There are a few key principles that may help. First and most importantly, the process of adding structured information to an article needs to be made as easy as possible. Ideally, the process of adding structure should actually be streamlined to the point that it can actually provide a net saving of effort for the author. Smart auto-completion of complex terms (such as protein, chemical, or gene names), enforcing standard formatting and spelling, while allowing disambiguation, may be one way to achieve this. Second, the payoff needs to be made as immediate as possible. If authors go to extra effort during manuscript submission, they need to receive some kind of reward immediately. For example, if an author submits clinical trial data in a highly structured way designed to facilitate meta-analysis, it would make sense to provide the author a provisionally updated meta-analysis incorporating their as yet unpublished data, following submission. Finally, the problem of capturing structured knowledge is far too big to address all at once. It needs to be approached in manageable chunks, first identifying a small amount of structured information that authors can provide reasonably easily, and gradually building from there to capture more structured information as the tools improve and the benefits become increasingly evident.
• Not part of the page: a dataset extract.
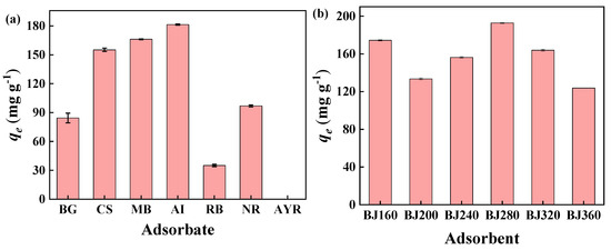 Batch adsorption experiments were carried out. The adsorption of various cationic dyes (BG, CS, MB, AI, RB), neutral dye (NR) and anionic dye (AYR) by BJ160 was investigated, and the experiments were carried out at the natural pH values of the dyestuffs (Figure 4a). The results showed that PoBJ biochar possessed relatively higher adsorption capacities toward cationic and neutral dyes, almost no adsorption occurred for anionic dye (AYR) could be observed. The obvious difference can be attributed to the O-, N- and S-containing functional groups of BJ160 were negatively charged. The results demonstrated that PoBJ biochar might be used as an adsorbent for selective adsorption of cationic dyes.
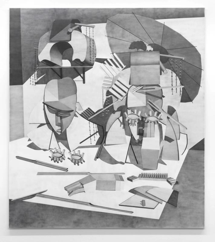 Singer's early paintings are characterized by their exploration of the relationship between digital processes and traditional painting techniques. She utilized 3D software not only as a tool for creating images but also as a conceptual framework for thinking about space, form, and the construction of visual narratives. This period was marked by an experimentation with grayscale, focusing on the interplay of light and shadow to create depth and volume on flat surfaces. The use of airbrushing allowed Singer to achieve a level of precision and smoothness in her work, aligning with her interest in the digital aesthetic while challenging the material boundaries of painting (Wikipedia) (Hauser & Wirth).

The importance of such tools was highlighted recently by C. Sander, head of the Computational Biology Center at the Memorial Sloan-Kettering Cancer Center, who used his keynote at the ISMB bioinformatics conference in Brazil to announce the “Cashew prize,” which will be awarded to the creator of the best tool for assisting authors to conveniently express the pertinent facts reported in their article, in an unambiguous computer-readable form. This is a challenging goal, but a vital one.
Footnotes
-
This is one of a series of commentaries on the future of scientific publishing. For a listing of the other commentaries, see http://www.jneurosci.org/cgi/content/full/26/36/9077.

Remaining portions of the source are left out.